# Hello *wave*



## gaby

Hello *waves* I'm new here. My husband and i have just started ttc :D

The lovely bexxie told me about this forum :wink:


----------



## bexxie

Hi gaby,

glad you found us,it is lovely here and so friendly, The owner wobbles is lovely but I think she is poorley at the mo so may be on tomorrow (get better soon char)

Bex


----------



## gaby

Thanks for introducing me to this forum bex, it looks great :hugs:


----------



## Suz

:yipee: :hi: Welcome Gaby!!!!


----------



## gaby

Thanks suz! :hugs:


----------



## Yvonne

Hey gaby, welcome to the forum :wave:


----------



## gaby

Heya Yvonne :wave:


----------



## Arcanegirl

Hey gaby, welcome to Baby and Bump!


----------



## gaby

Thanks Arcanegirl :hugs:


----------



## twinkletoes

hello! good luck with ttc huni x x x


----------



## gaby

thanks twinkletoes :hugs:


----------



## Tootsie

Hello **waves** Welcome to the Forum :D


----------



## Wobbles

bexxie said:

> Hi gaby,
> 
> glad you found us,it is lovely here and so friendly, The owner wobbles is lovely but I think she is poorley at the mo so may be on tomorrow (get better soon char)
> 
> Bex

I'm here sneezing & pee'ing :rofl:

Hi Gaby 

Welcome to BabyandBump - Good luck TTC I'm sure I'll catch you more in the TTC mad room :lol: 

:dance:


----------



## gaby

:wave: thanks tootsie :hugs:

Thanks wobbles :hugs: hope you feel better soon!


----------



## Lauz_1601

hi welcome to baby and bump, good luck ttc hope you get a BFP soon :D


----------



## KX

Hi Gaby.
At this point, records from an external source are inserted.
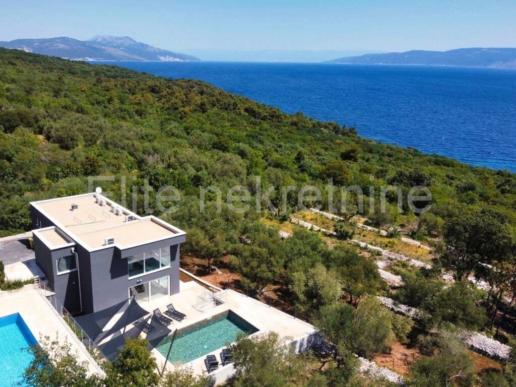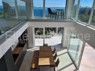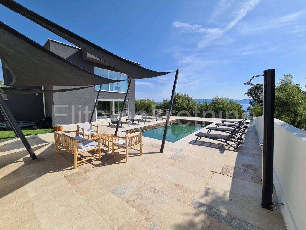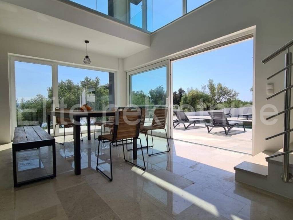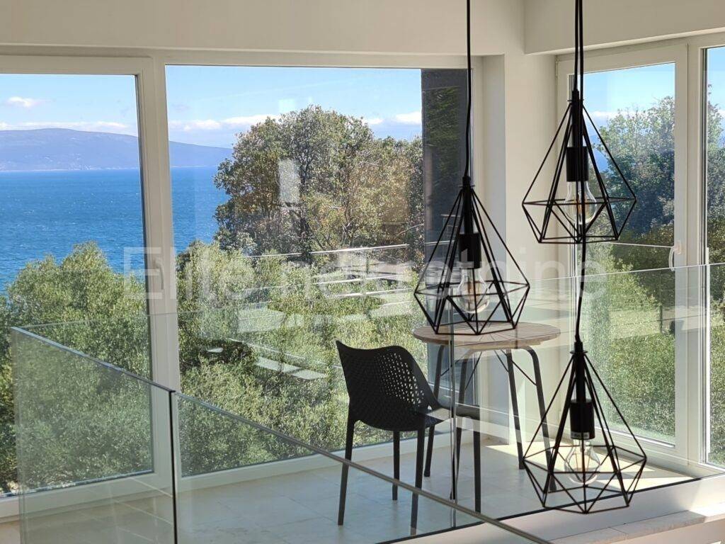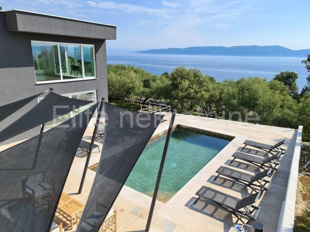 In a small town near Labin, where vacation homes already predominate, there is this villa with a swimming pool and an open view of the sea.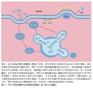 TAT-5在细胞内的定位受到细胞内冗余因子的调节[51],见图5。以下是一些关键的逆转运蛋白和相关因子,它们在调节TAT-5的定位和功能中起作用:①逆转运蛋白RME-8(DNAJC13):RME-8是人类DNAJC13的同源蛋白,它在内体蛋白运输中起作用,并与retromer和WASH复合体相关联,这两个复合体都与自噬有关。RME-8/DNAJC13在细胞蛋白稳态网络中作为一个正向调节因子,影响自噬过程[52]。 ②磷脂酰肌醇3激酶(phosphoinositide 3 kinase,PI3K):PI3K是一类具有丝氨酸/苏氨酸激酶活性的酶,它们在细胞内信号传导中起着关键作用,尤其是在自噬过程中。③PAD-1:PAD-1是一种Dopey结构域蛋白,它在植物中的功能与生长素稳态相关,但在动物细胞中,PAD-1可能与TAT-5的回收和定位有关[53]。④Beclin1同源蛋白BEC-1:Beclin1是自噬过程中的关键调节蛋白,它与Ⅲ类PI3K形成复合体来调节ATG蛋白在自噬前体结构中的定位,从而调节自噬活性。⑤Ⅲ类PI3Kinase VPS-34:VPS-34是自噬过程中的一个关键蛋白,它在细胞内除了诱导自噬之外,还能够通过激活p62,促进肿瘤的发生和发展;⑥Dna J结构域蛋白RME-8:RME-8/DNAJC13在细胞蛋白稳态网络中起作用,影响ATG9A的运输和自噬。RME-8、PI3K、PAD-1已被证实可抑制细胞微囊泡释放,Beclin1同源蛋白BEC-1、Ⅲ类PI3Kinase VPS-34、Dopey结构域蛋白PAD-1、Dna J结构域蛋白RME-8这4个基因的破坏可增加外泌体的释放,进一步研究证实TAT-5被这些逆转运相关蛋白通过不同的分子信号途径从胞质回收到质膜上[51]。 "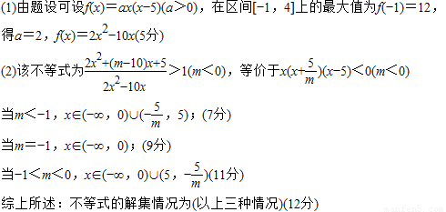 已知f(x)是二次函數(shù),不等式f(x)<0的解集為(0,5),且在區(qū)間[-1,4]上的最大值為12,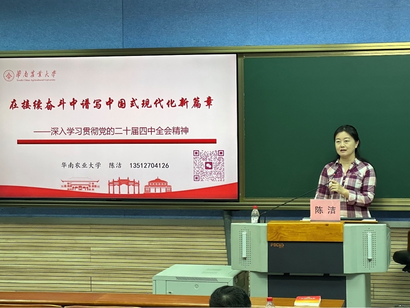 陈洁老师主要从解码党的二十届四中全会的核心内涵,高度重视“十五五”规划的深层逻辑,“十四五”时期的历史性成就与实践底气,主流媒体重磅文章的核心信息密码,党的二十届四中全会究竟擘画了怎样的未来蓝图等五个方面进行授课,数据翔实、案例生动、讲解细致,通过此次授课,全体教职工对全会精神有更深的理解和体会。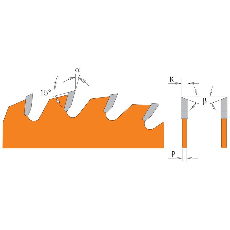 • 0.098 kerf thickness, 0.071 plate thickness, 5° Hook Angle, 40° Alternate Teeth Grind.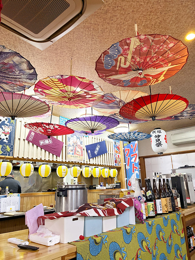 八代市横手新町の大通り沿い、ライトブルーの店頭幕が印象的な「お食事処莞爾(かんじ)」。玄関の扉を開けると、天井からは色とりどりの和傘が吊るされ、壁には和柄の帯や手ぬぐいが粋にレイアウトされています。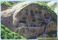 在峪古三面直立陡峭的巖壁上,布滿了人工刻鑿的石室,或長方形,或方形,大的二十多平米,小的僅3-4米;或單間,或2-3室通連;或套間平行,或上下兩層,并有典型的"三居室"。 其中 ,有一石穴上下兩層,并配耳房,廊柱歷歷,可能是穴居的主人集會或祭祀之地,宏敞雄偉,山民俗稱"官堂子"。 全部洞穴內(nèi),門、窗、炕、灶、馬槽、壁櫥、煙道等一應(yīng)俱全,且圓則圓,方則方,均中美學(xué)規(guī)矩。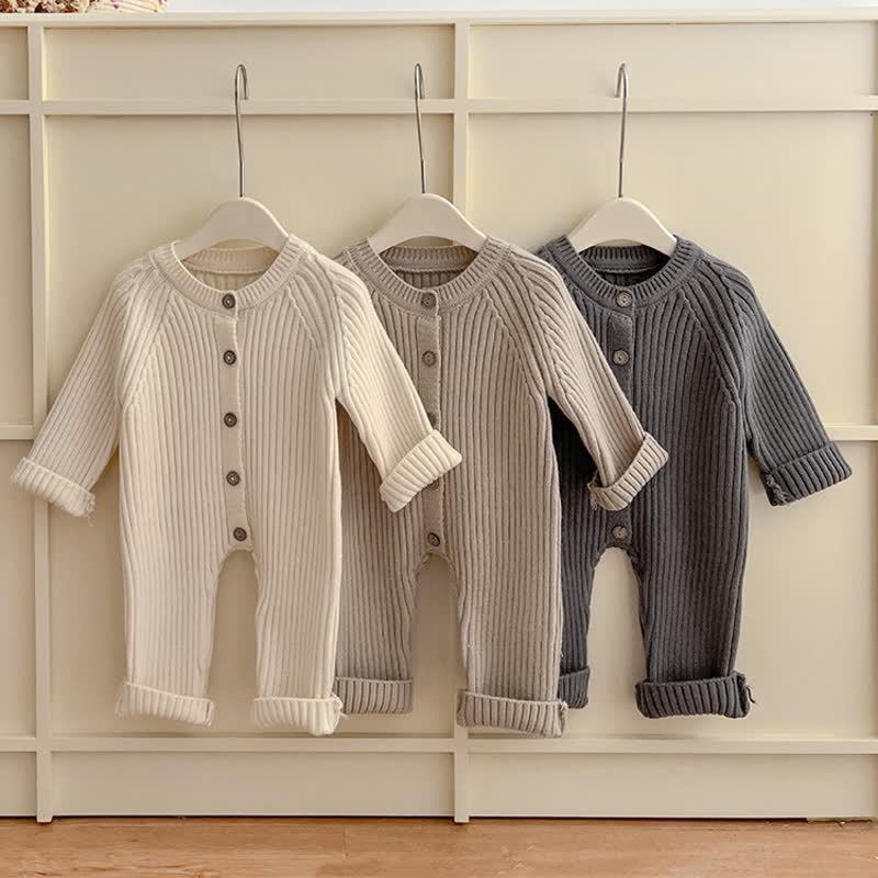 Baby Relax Knit Button Solid Color Romper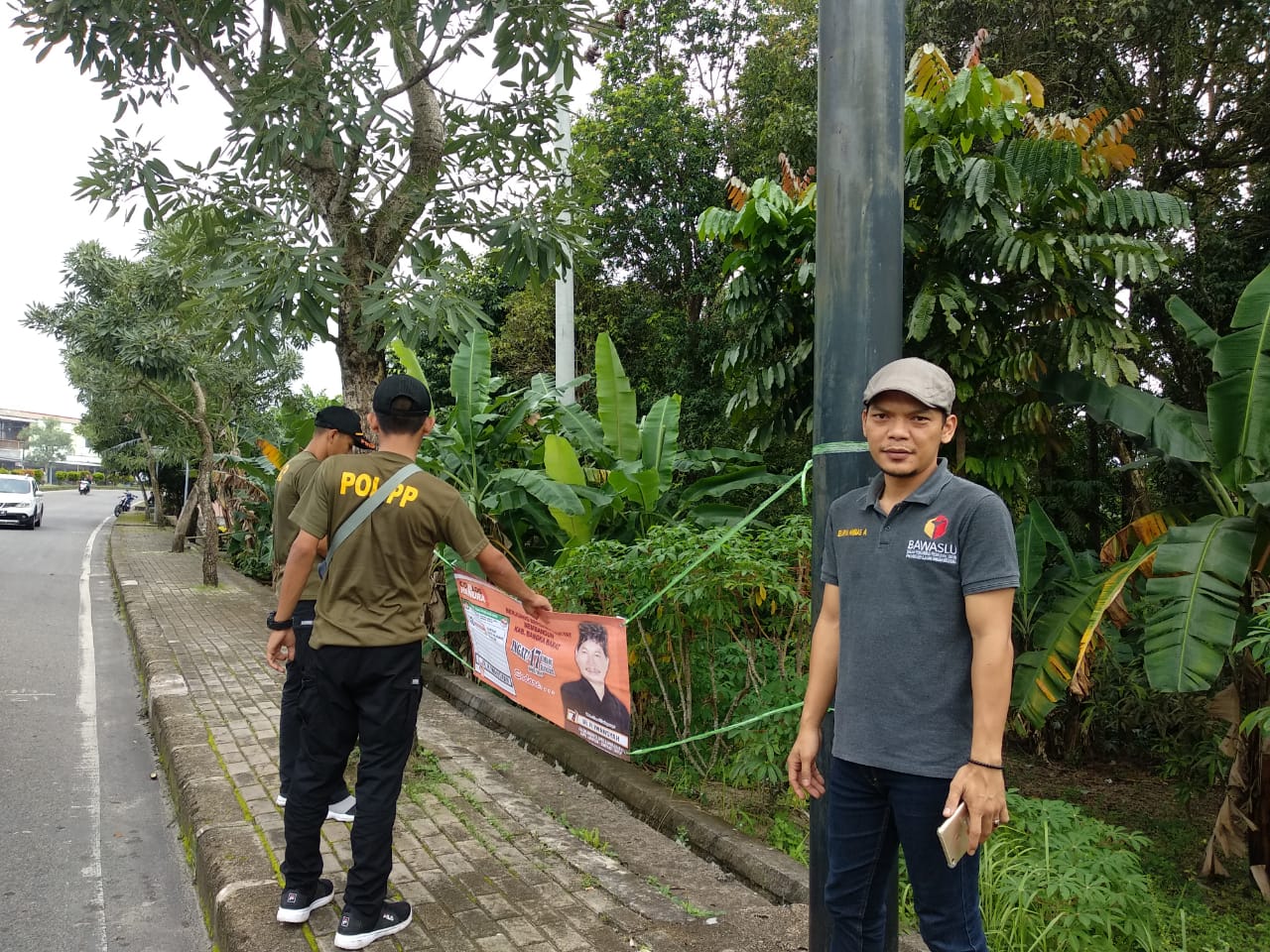 MUNTOK. Badan Pengawas Pemilu Kabupaten Bangka Barat, dibantu Satpol PP daerah setempat melakukan penertiban alat peraga kampanye yang melanggar aturan di wilayah Kecamatan Muntok.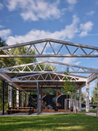 Reuse of the existing structures formed the foundation of the environmental strategy. Structural interventions were substantial, including the replacement of deteriorated timber elements with reinforced concrete slabs and the removal of redundant concrete silo bins, fragments of which have been retained as interior features. Green roofs and a rainwater management system further support the ecological performance of the scheme, supplying water to the restored channel.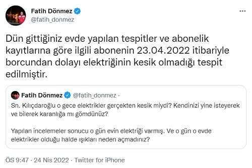 Enerji ve Tabii Kaynaklar Bakanı Fatih Dönmez'in Kılıçdaroğlu'nun elektriği kesik değildi iddiasıyla yaptığı paylaşımına büyük tepki: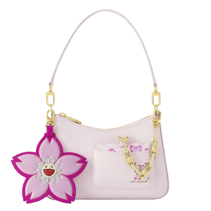 루이 비통 x 무라카미 리에디션 컬렉션의 유쾌한 시그니처 디테일을 더해 새롭게 선보이는 마렐리니 핸드백. 하우스의 시그니처 에피 그레인 가죽 소재. 반짝이는 골드 색상의 하드웨어로 생기를 불어넣은 치키 핑크 색감의 디자인. 체리 블라썸 모티프가 돋보이는 모노그램 캔버스 소재의 대조적인 탈착형 거울. 조화를 이루는 체리 블라썸 백 참이 시즌 특유의 분위기를 강조하는 아이템.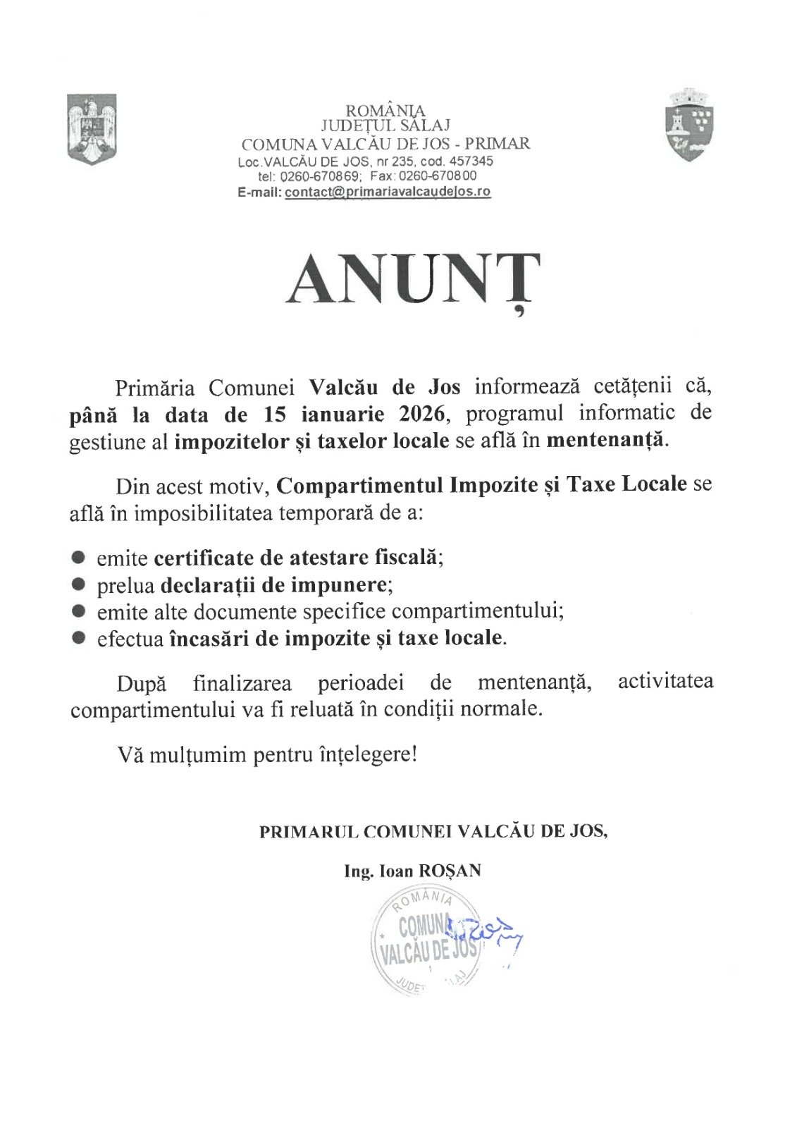 Anunt- mentenanta Compartimentul de Impozite si Taxe Locale
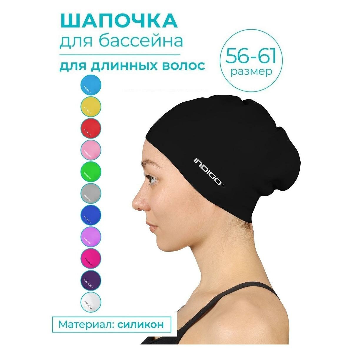 Купить Шапочка для плавания силиконовая длинные волосы INDIGO 802 SC Черный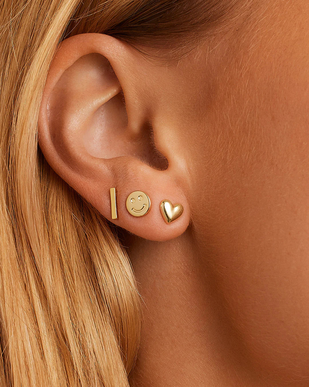 Add some fun to your everyday look by stacking single stud earrings in multiple piercings.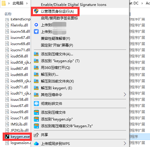 15、对着刚粘贴过来的【keygen】文件,鼠标右键,选择【以管理员身份运行】。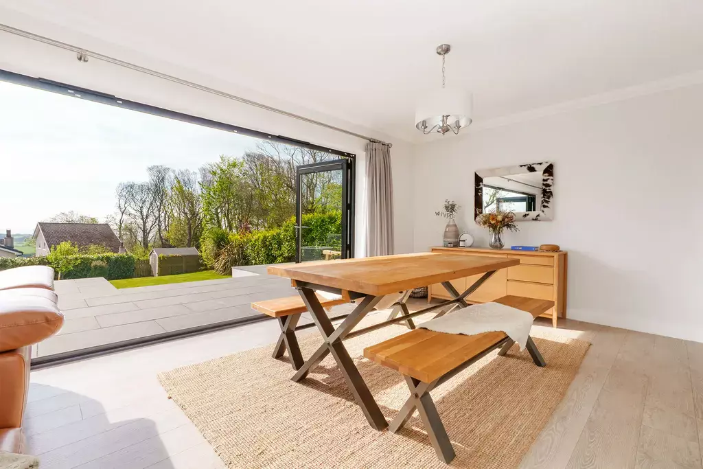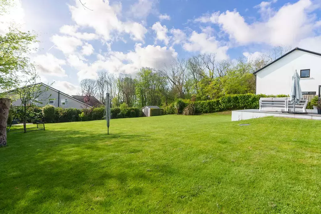 Externally, the property boasts an impressive lawned garden, garden sheds/workshop, and a superb patio area accessed via the bi-folding doors – the perfect space for alfresco dining, entertaining, or simply enjoying the peaceful setting and distant coastal views.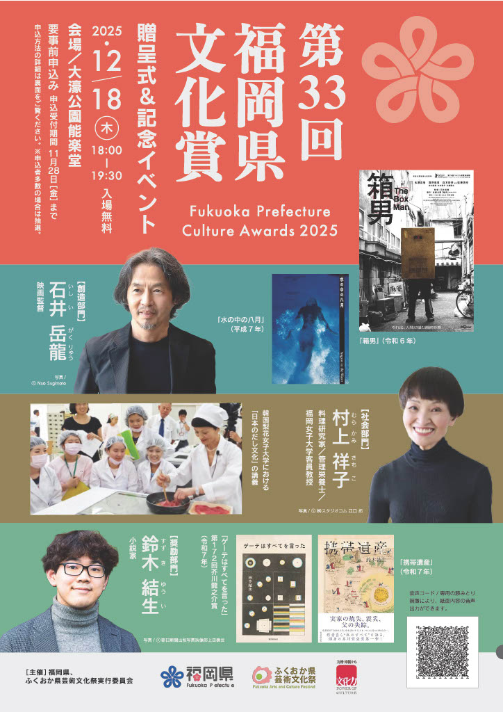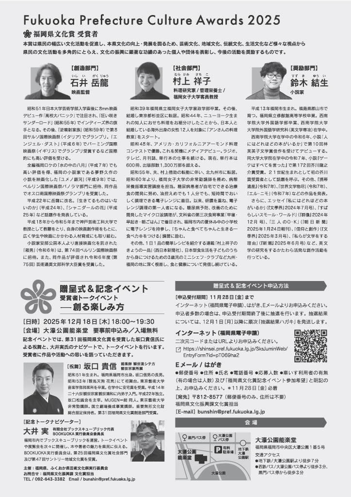福岡県では、文化振興に顕著な功績のあった個人や団体に「福岡県文化賞」を贈呈しており、ブックスキューブリック店主の大井が選考委員を務めております。本年の受賞者の功績を称える文化賞贈呈式及び記念イベントが、12月18日に大濠公園能楽堂で開催され、大井が記念の受賞者トークイベント「創る楽しみ方」のナビゲーターを務めます。
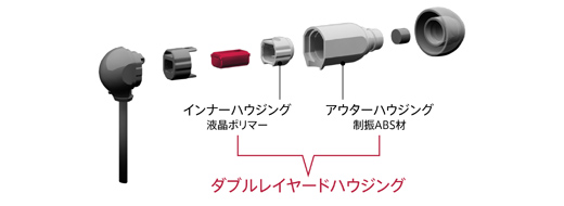 インナーハウジングには、高内部損失かつ高剛性な素材である液晶ポリマーを、アウターハウジングには筺体内の共振を抑える制振ABS素材を採用。ユニットをインナーとアウターの異なる素材の二重構造ハウジングで固定することで、歪み(ひずみ)が少なくクリアな中高音を実現します。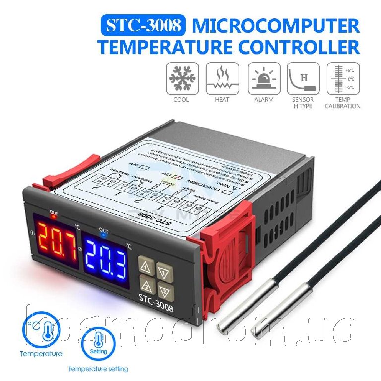 | STC-3008-12V Терморегулятор Двойной цифровой терморегулятор: 10 А. -55...+120? пит: 12VDC. Нагрев/Охлаждение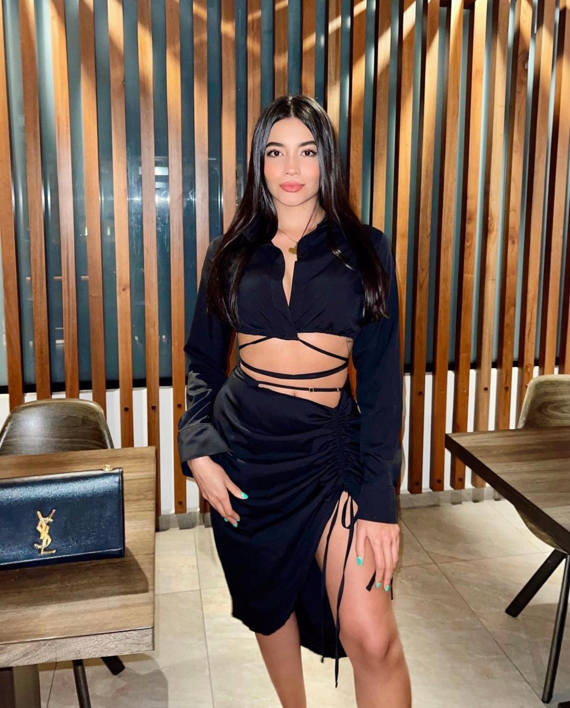 Falda midi con cintura ajustable y abertura, viene con un top tipo camisera corta y tiras ajustables.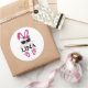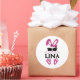 Sticker Rond Nom Personnalisé Cute Lapin Rose Avec Lunettes De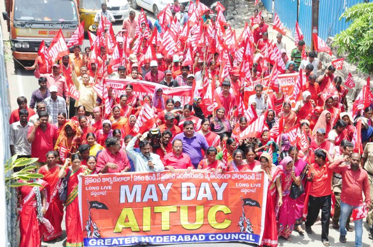 AITUC organised a Rally from Himayatnagar on the eve of May Day Celebrations on 1st May 2015.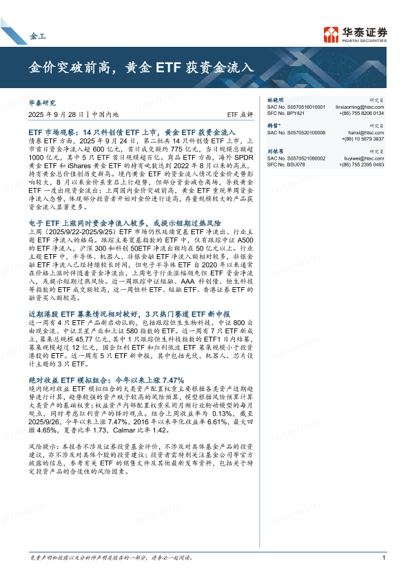【华泰证券】【202509】金价突破前高,黄金ETF获资金流入-12页
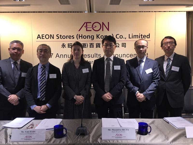 (左起)永旺百貨營運董事劉志森、行政董事谷島英明、主席兼董事總經理羽生有希、副董事總經理生田政光、企業合規董事翟錦源、企業財務部總經理楊子成。(大公報記者李潔儀攝)

Welcome to the forum :D 

Good luck TTC xxx


----------



## gaby

thanks kx and lauz :hugs:


----------



## Jo

Hiya hun :D


----------



## gaby

heya jo :D


----------



## LynnieH

Welcome gaby!!


----------



## gaby

thanks lynnie :hugs:


----------



## Caroline

Hi gaby welcome to the forum. Hope you get a BFP soon


----------



## gaby

thanks Mummy2twoplusbump :hugs:


----------



## Tam

Hello gaby! :hi:

Welcome to the forum!

Wishing you a speedy BFP! x


----------



## gaby

hehe, thanks tam :hugs:


----------



## stephlw25

Welcome to the forum! :)


----------



## gaby

thanks :D :hugs:


----------



## ImTheDaddy

https://i90.photobucket.com/albums/k245/t0yboy/remoteImage-6.gifhttps://i90.photobucket.com/albums/k245/t0yboy/41.gif

Welcome to BnB,

Get UR Hubby on here too we need more men to keep the women in check!

There's a Men's Room for him to winge, chat etc but need more men to help us out.


----------



## gaby

hahaha, he's not a forums person.


----------